Prompt => Copying rule for the data below: take the line containing "関東以外の私立医科大学 付属病院数は関東の半分" and every line after it to the end, exactly, and drop all pictures.

Input data Block Start

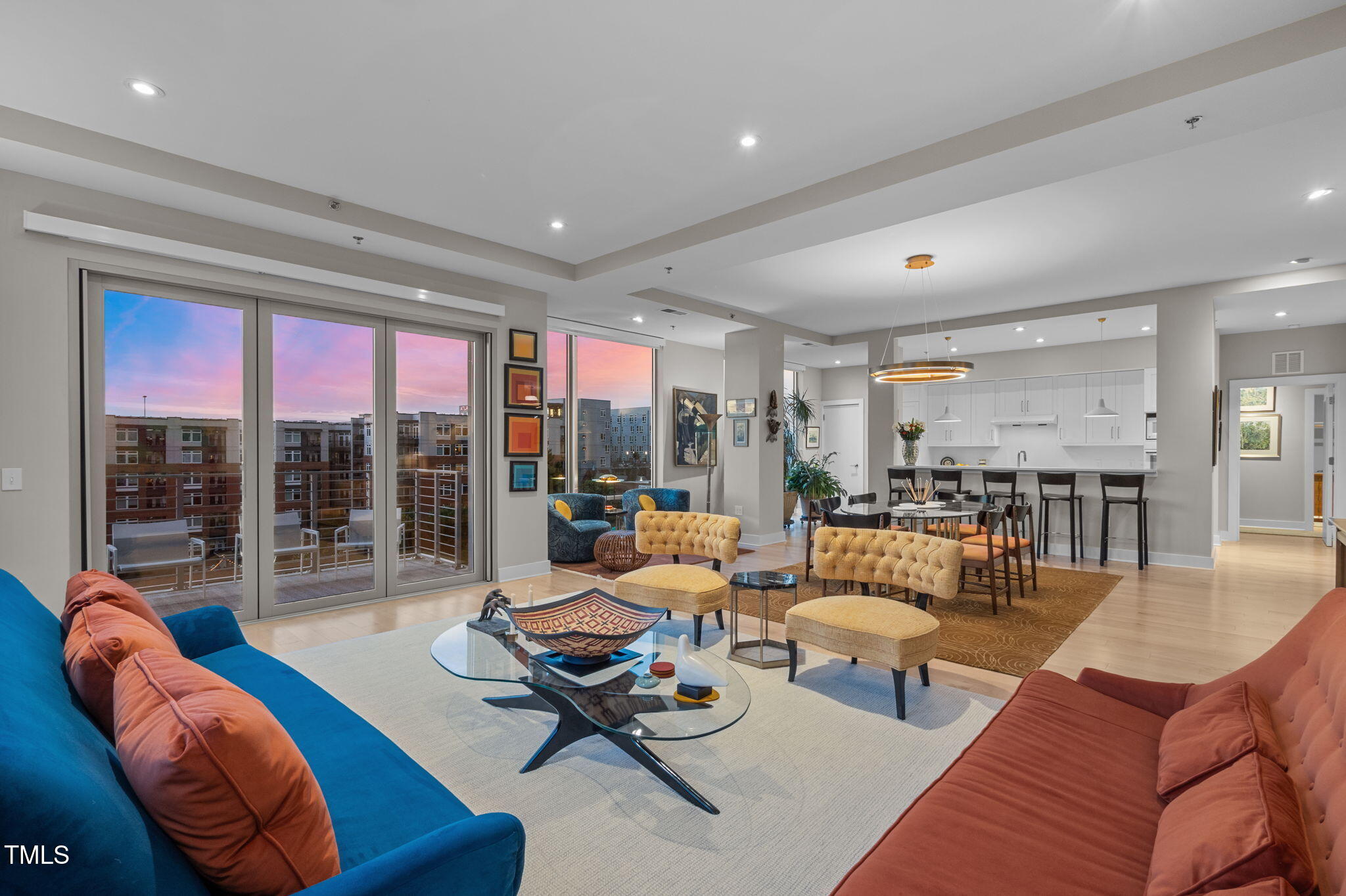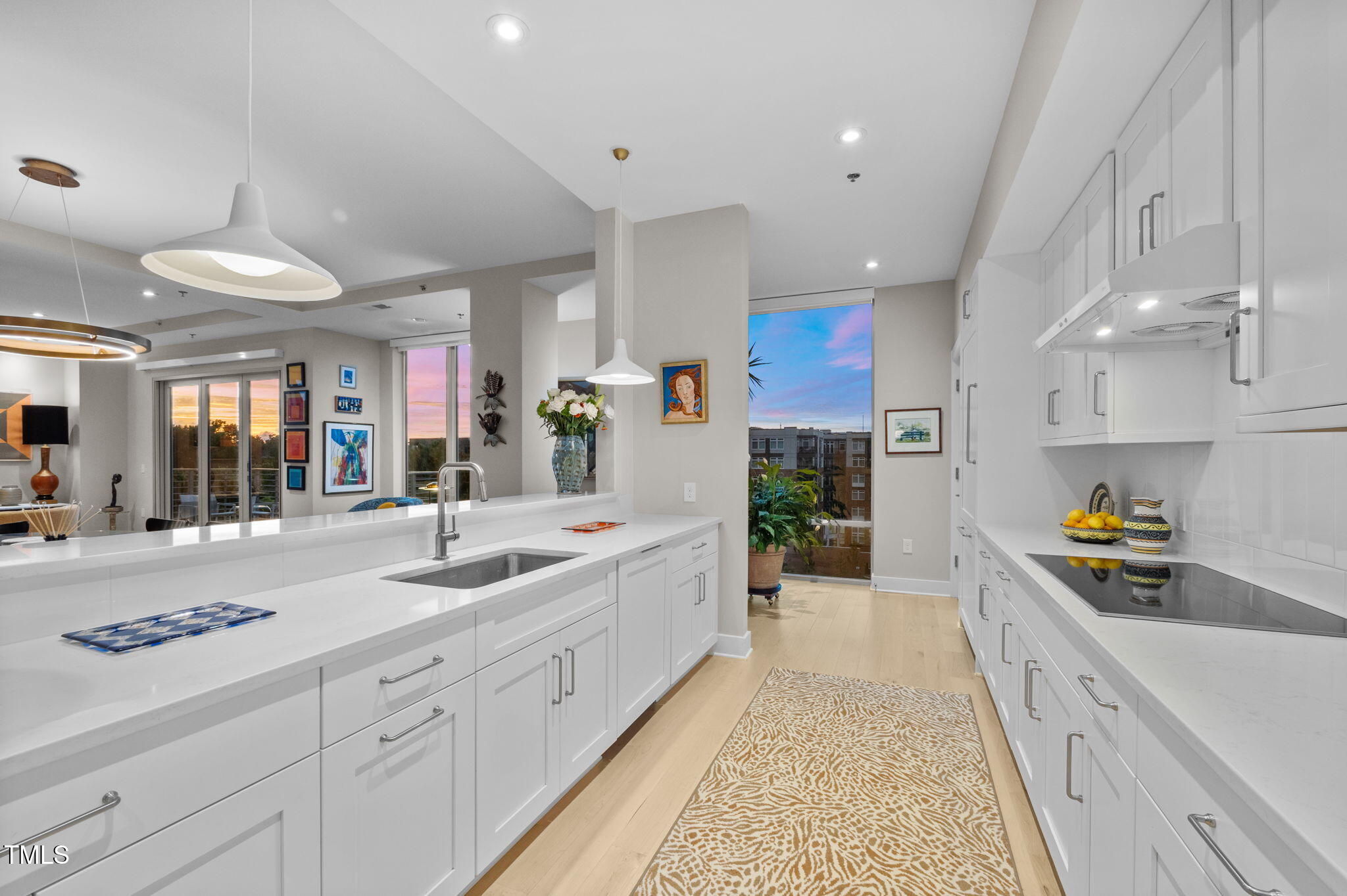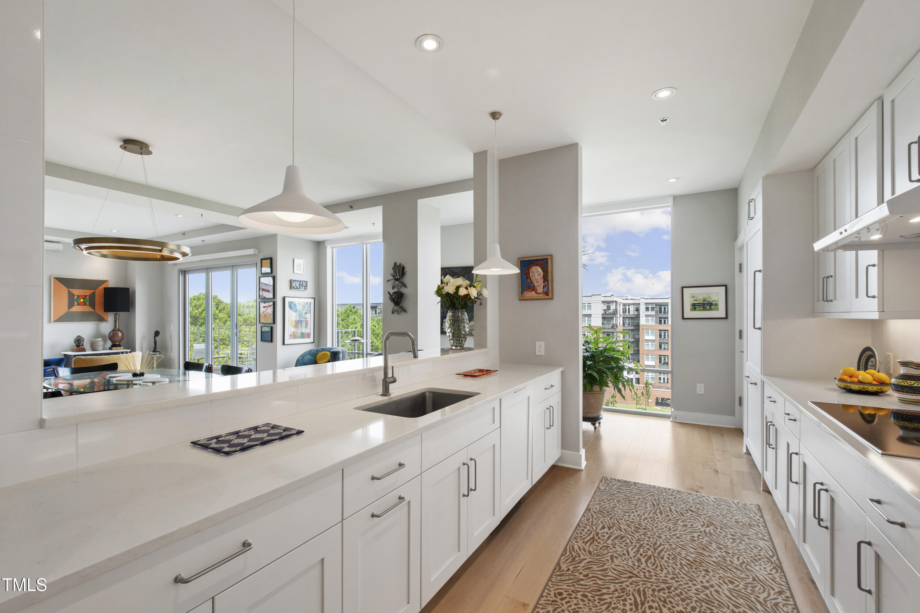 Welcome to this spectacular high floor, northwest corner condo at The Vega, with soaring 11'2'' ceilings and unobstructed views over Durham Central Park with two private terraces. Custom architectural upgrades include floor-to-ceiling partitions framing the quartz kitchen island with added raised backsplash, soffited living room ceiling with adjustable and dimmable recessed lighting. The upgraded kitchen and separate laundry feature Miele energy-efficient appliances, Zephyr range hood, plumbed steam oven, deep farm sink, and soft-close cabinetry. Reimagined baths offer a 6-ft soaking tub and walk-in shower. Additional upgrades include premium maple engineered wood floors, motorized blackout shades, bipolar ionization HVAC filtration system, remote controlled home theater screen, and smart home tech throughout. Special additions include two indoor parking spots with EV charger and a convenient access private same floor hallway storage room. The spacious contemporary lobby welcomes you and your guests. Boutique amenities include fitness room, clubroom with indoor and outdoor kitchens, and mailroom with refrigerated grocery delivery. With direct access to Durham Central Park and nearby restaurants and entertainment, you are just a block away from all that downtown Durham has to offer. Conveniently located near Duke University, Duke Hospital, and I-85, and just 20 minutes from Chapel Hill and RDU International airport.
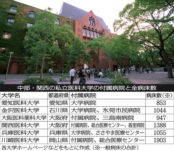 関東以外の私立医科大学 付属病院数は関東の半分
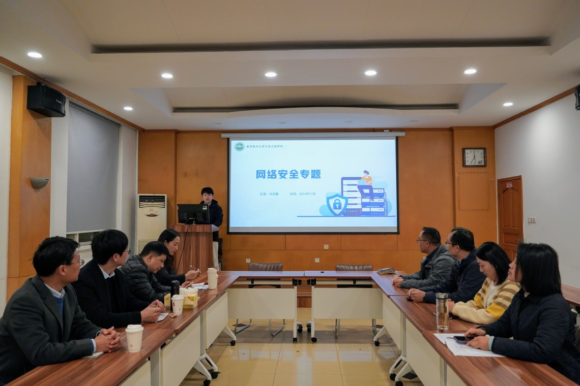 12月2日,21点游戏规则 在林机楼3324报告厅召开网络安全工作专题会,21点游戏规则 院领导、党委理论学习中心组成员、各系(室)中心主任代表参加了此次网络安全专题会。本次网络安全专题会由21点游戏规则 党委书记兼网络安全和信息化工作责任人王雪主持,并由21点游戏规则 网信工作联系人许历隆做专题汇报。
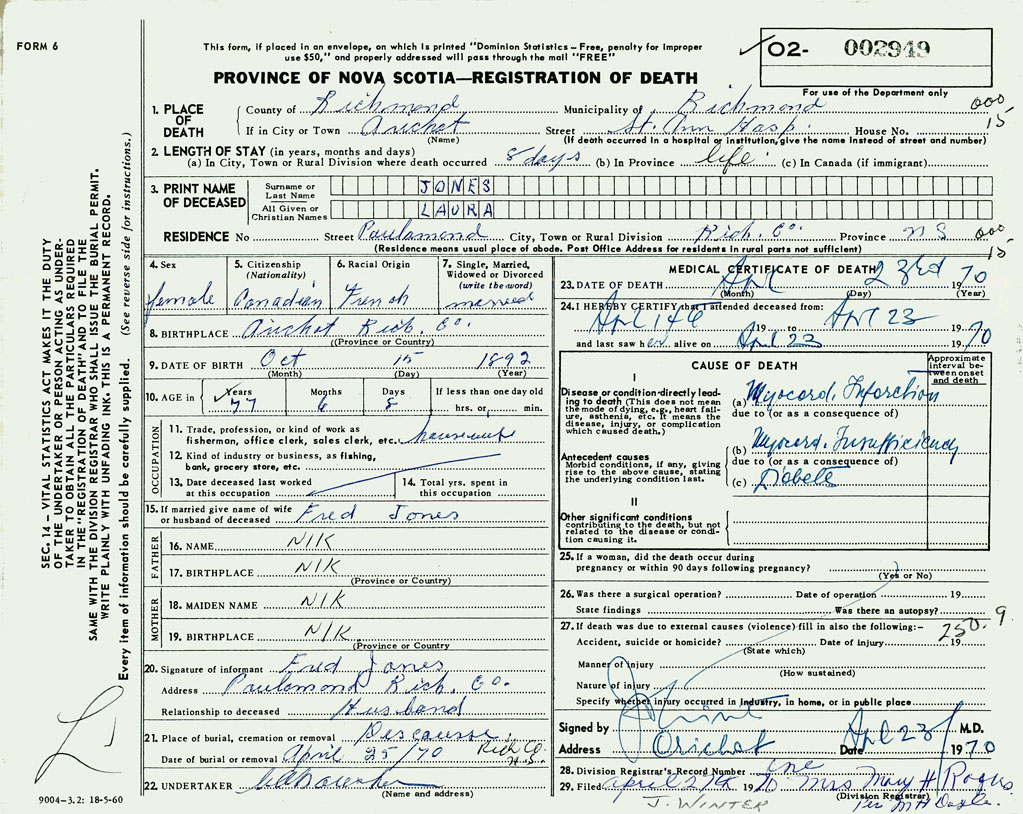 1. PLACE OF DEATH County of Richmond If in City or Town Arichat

Input data Block End

Answer box =>
 関東以外の私立医科大学 付属病院数は関東の半分
 12月2日,21点游戏规则 在林机楼3324报告厅召开网络安全工作专题会,21点游戏规则 院领导、党委理论学习中心组成员、各系(室)中心主任代表参加了此次网络安全专题会。本次网络安全专题会由21点游戏规则 党委书记兼网络安全和信息化工作责任人王雪主持,并由21点游戏规则 网信工作联系人许历隆做专题汇报。
 1. PLACE OF DEATH County of Richmond If in City or Town Arichat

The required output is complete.